Inmersos en la vorágine de la campaña electoral andaluza: debates tras controversias, polémicas y porfías; entre tanta reiteración, me aparece de nuevo el extraordinario y conmovedor Miguel Delibes con su magnífico retrato de un poblado castellano enmarcado en su novela Las ratas, en la cual plasma de forma magistral la vida rural de una gente pobre y simple signada por el refranero de las estaciones y el santoral.

El autor centra la historia en la percepción de este entorno a través de la mirada de un niño de once años, Nini, quien se dedica junto a su padre -el Tío Ratero- a la caza y venta de ratas, resultando sugerente la figura de un chico transmitiendo conocimientos a los mayores.
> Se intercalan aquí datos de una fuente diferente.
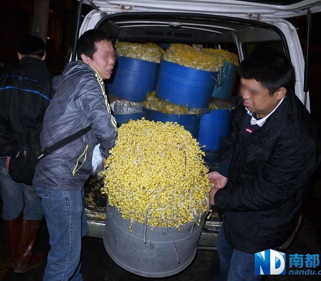 潘某棉一家每天能培育出2000多斤毒豆芽,楊某隆父子每天培育出1000多斤的毒豆芽,分別以0.6-0.9元/斤的價(jià)格銷往海珠、荔灣的批發(fā)市場,再通過各種渠道最終流向了市民的餐桌。
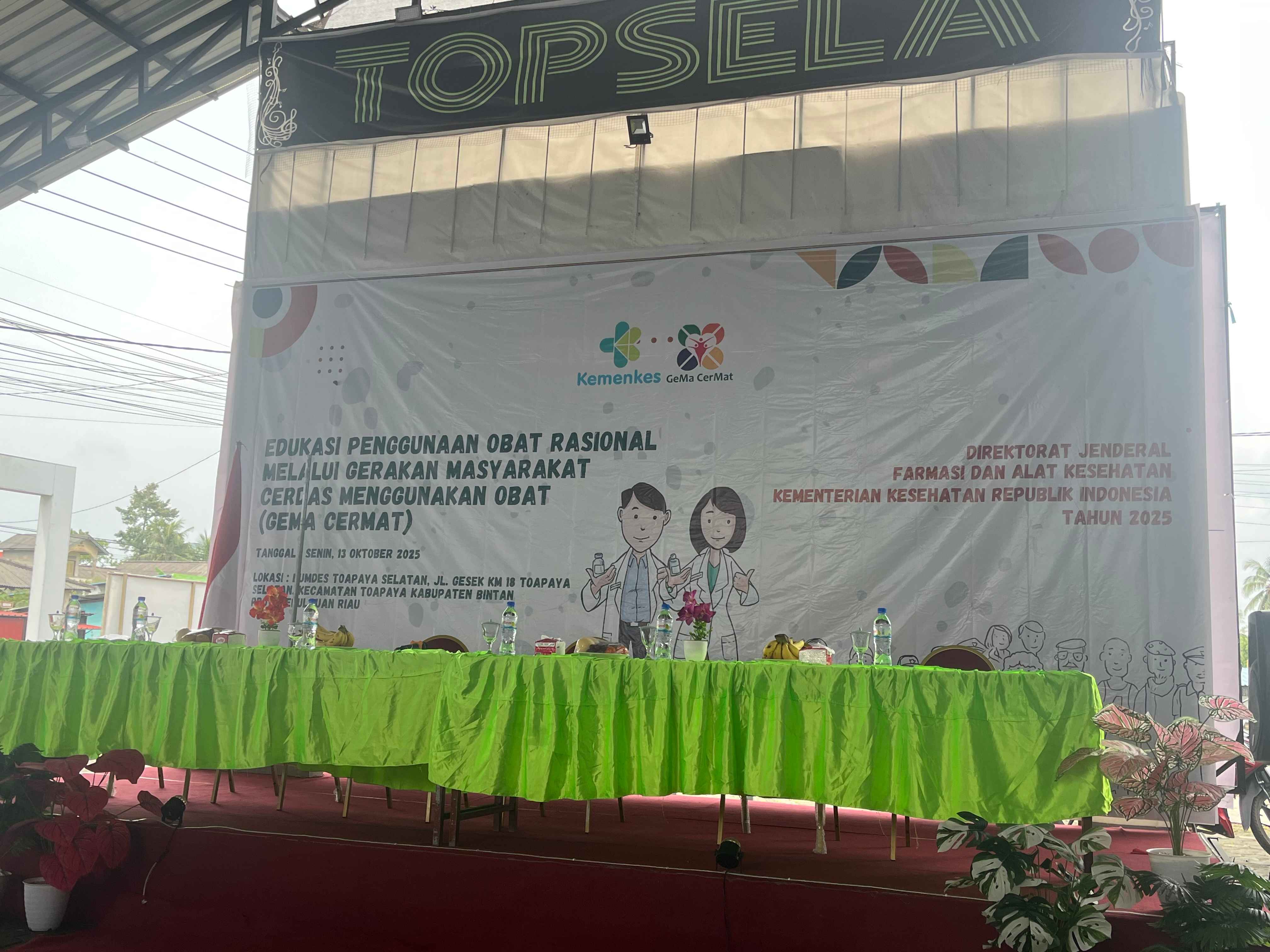 Anggota Komisi IX DPR RI Bapak Zainul Munasichin, MA berinteraksi dengan masyarakat di Provinsi Kepulauan Riau khususnya di Kabupaten Bintan, bersama Ibu Dini Kusumawati, S. Si, Apt; Virda Septina, S. Farm, Apt; Mulyawan Arisyuada, S. Farm dan Kukuh Widodo dari Direktorat Pelayanan dan Pengelolaan Farmasi Kementerian Kesehatan Republik Indonesia melaksanakan Kegiatan “Sosialisasi Gerakan Masyarakat Cerdas Menggunakan Obat (Gema Cermat) di Provinsi Kepulauan Riau khususnya di Kabupaten Bintan Tahun 2025”. Kegiatan dilakukan di Bumdes Tuapaya Kabupaten Bintan yang dihadiri oleh ratusan masyarakat yang antusias dalam kegiatan tersebut.
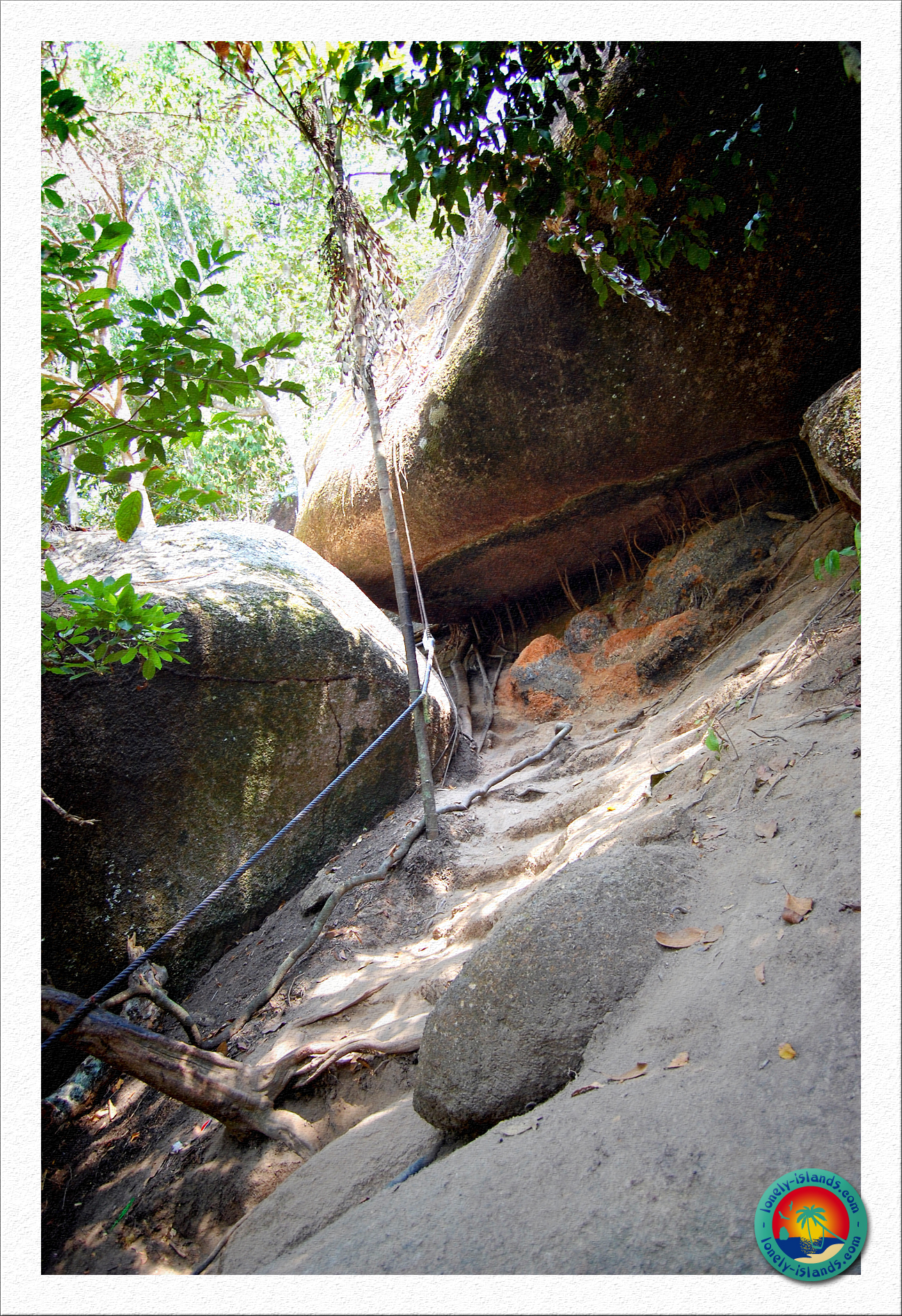 Nach ein wenig Relaxen am Strand und etwas Schwimmen in dem warmen Wasser zwischen den Felsen in wunderschönen Buchten war dann doch noch etwas Action angesagt. Um einen schönen Ausblick vom Sailrock genießen zu können, muss man hier ein wenig klettern. Um hoch zu kommen wurden hier viele Seile und Holztreppen angebracht. Allerdings wird hier in Thailand allgemein auf viele Sicherheiten verzichtet. Dadurch wirkt es abenteuerlicher ;-). In Deutschland wäre alles mit Geländer gesichert und jeder Stufentritt müsste gleich sein. Der Pfad ist sehr schmal und gegen Mittag sehr gut besucht. Dadurch kann es schon mal eng werden. Aber es lohnt sich. Von oben am Sailrock hat man einen traumhaften Ausblick auf den Strand und das Meer.
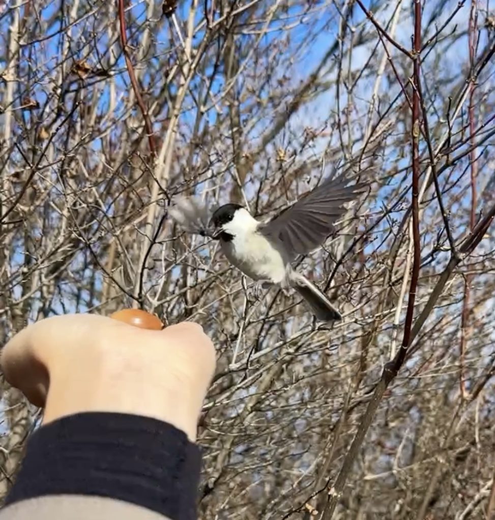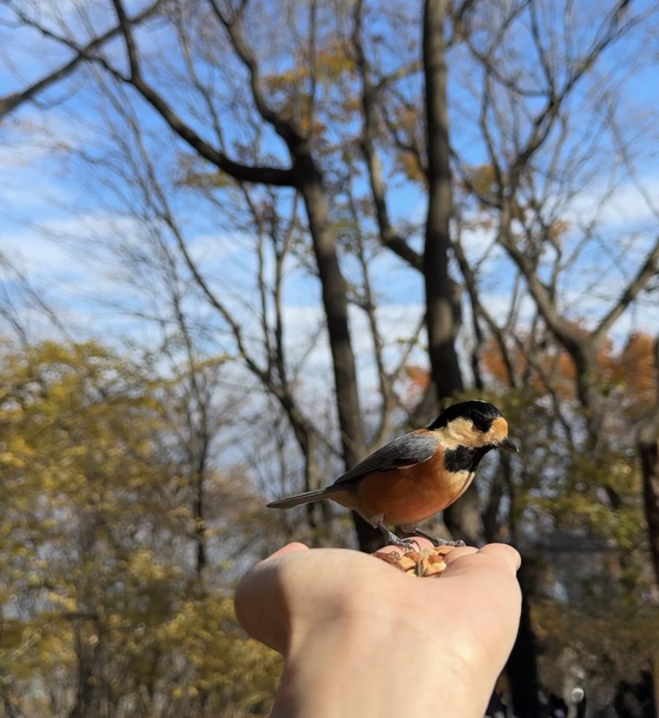 ヤマガラやコガラ、ゴジュウカラなど、様々な野鳥が手に乗ってくれたり、近くに止まってきてくれるので鳥好きにはたまらない時間となりました!(インコ4羽飼ってます)
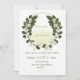 romantic white and gold flowers with elegant green leaves botanical wreath wedding invitation
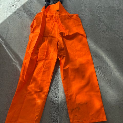 Helly Hansen D-433 regnsett i størrelse medium. Sett med jakke og bukse i rød farge. Jakken har høy krage, knappelukking og frontlommer med klaff. Buksen har rette ben med knapp nederst. Størrelse medium tilsvarer herre 50–52 og dame 44–46 ifølge merkelapp. Materiale er syntetisk regntett stoff. Egnet som regntøy til bruk i vått vær og utendørs arbeid eller fritidsaktiviteter.
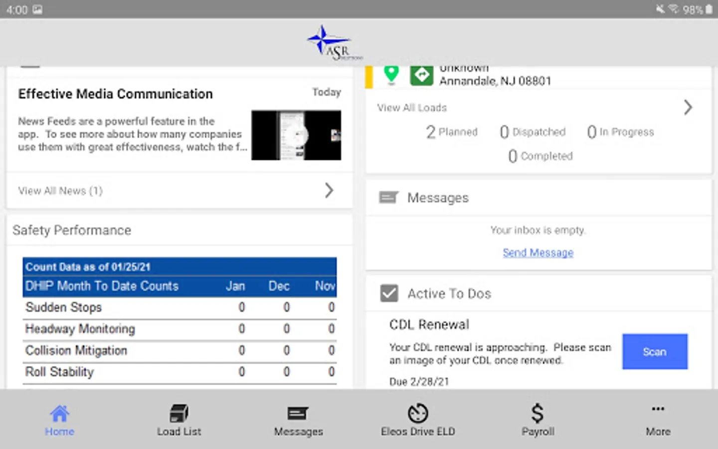 The ASR Solutions Mobile application was designed in support of our Dedicated Clients, Staff, and the Transportation Community at large. You can do many things with this app: view load and stop detail, view maps, send & receive messages, scan & send documents, view news, report safety issues, and much more.
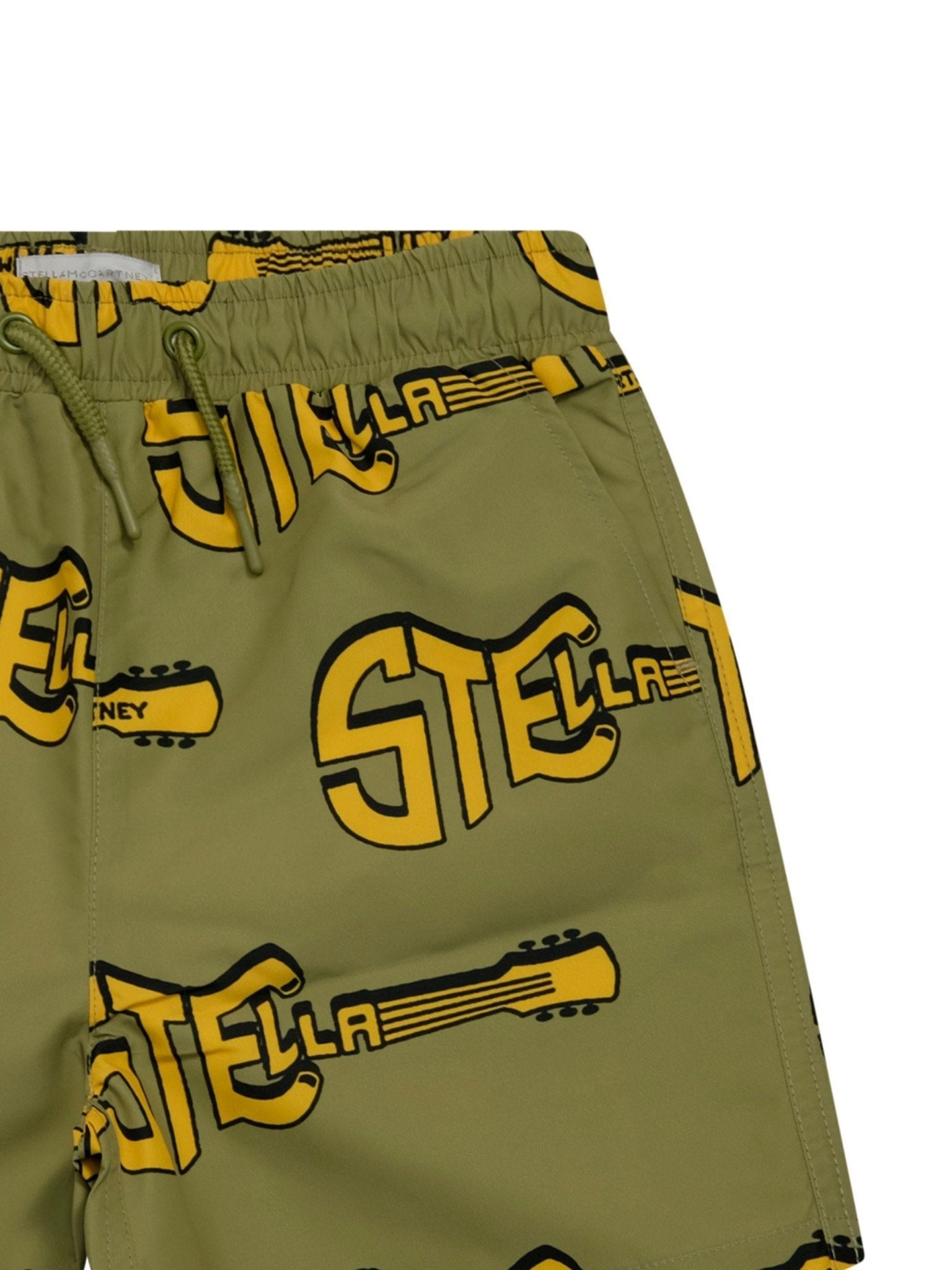 Il prodotto Costume per bambino Stella McCartney Kids verde con stampa logo all-over è disponibile sullo store online RubinoKids.com. Realizzato in poliestere 100%. Il prodotto presenta un colore verde, stampa logo all-over, logo a forma di chitarra, vita elasticizzata, chiusura a coulisse. Varie taglie a catalogo, appartiene alla collezione StellaMcCartney Kids Primavera/Estate 2026 ed é disponibile con consegna in 24/48h per l'italia.
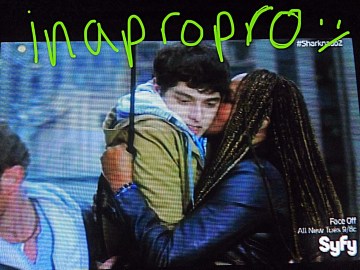 T: April and Fin are on this plane together (going through aforementioned storm) and when she goes to grab his hand, a huge giant sparkler is on her left ring finger – have these exes reconciled? Has the Sharknado actually done some good?
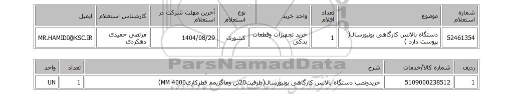 تلفن:5- 88349670 (021) فکس: 88349673 (021) Website: www.ParsNamadData.com E-mail: Info@ParsNamadData.com استعلام دستگاه بالانس کارگاهی یونیورسال( پیوست دارد )
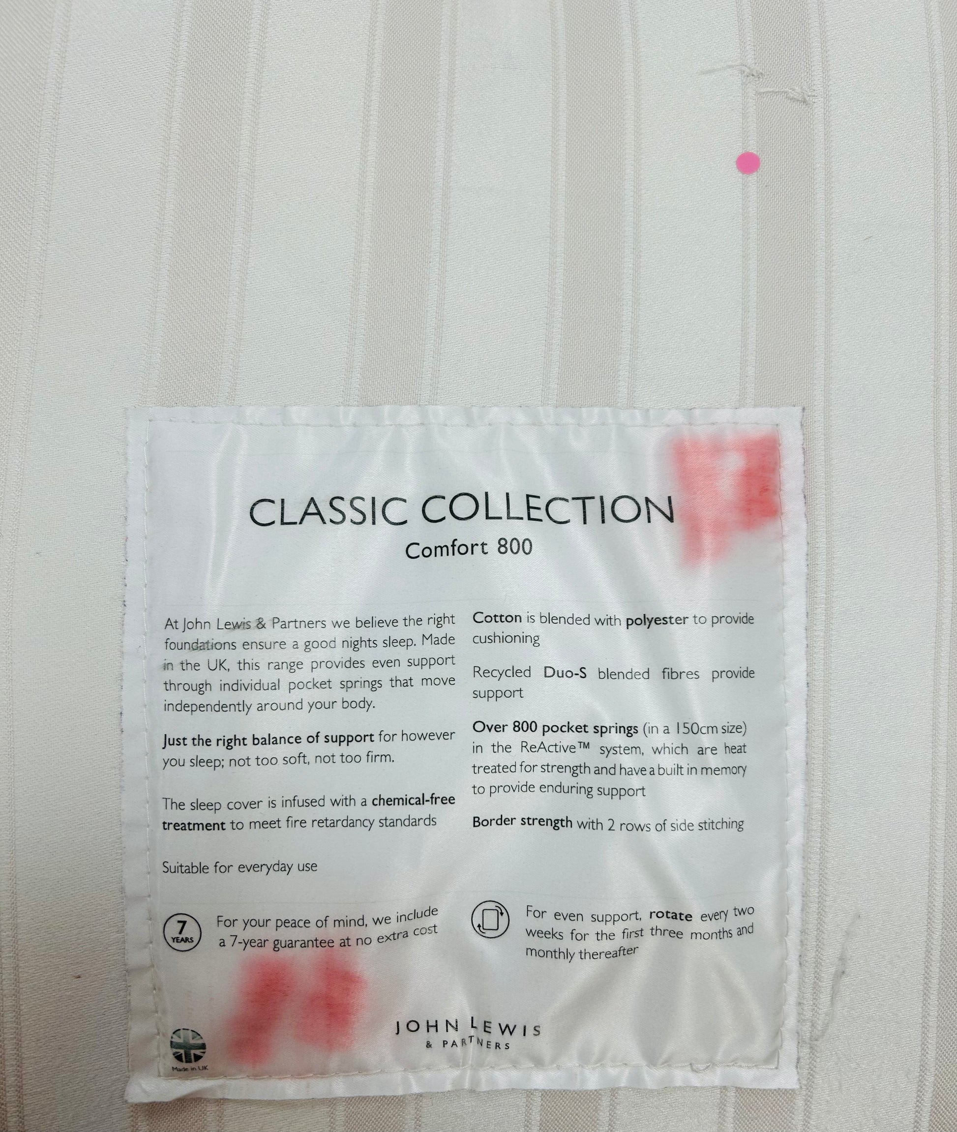 Mattress: John Lewis Classic Collection Comfort 800 ReActive Pocket Springs

Es aquí donde se personaliza la penuria tangible de un pueblo provocada por la indigencia cultural de sus moradores. Delibes nos muestra a unos personajes toscos condenados a una perenne incultura. Grave desventura la ignorancia. Estos roedores son animales territoriales que habitan en colonias - en Málaga están avecindados en muchas de ellas: Campanillas, Santa Rosalía, Bailén-Miraflores...-. Las ratas crean madrigueras subterráneas y a medida que crece su población se expanden y conectan con otros escondrijos, creando una compleja red de túneles.

Será a causa de ese dinamismo por lo que la concejala del Área de Movilidad del Ayuntamiento advierte de que las ratas tienen su función en la convivencia con los malagueños. Estos nocivos animales, además de provocar graves daños estructurales y eléctricos en los edificios afectados, tienen el cometido de constituir una línea de transmisión de enfermedades como la rabia, el cólera, la peste, la hepatitis o la salmonelosis. Como me recuerda Günter Grass: «En esta gran casa, desde las ratas que conocen los desagües€, vivo y sospecho muchas cosas». Seamos congruentes.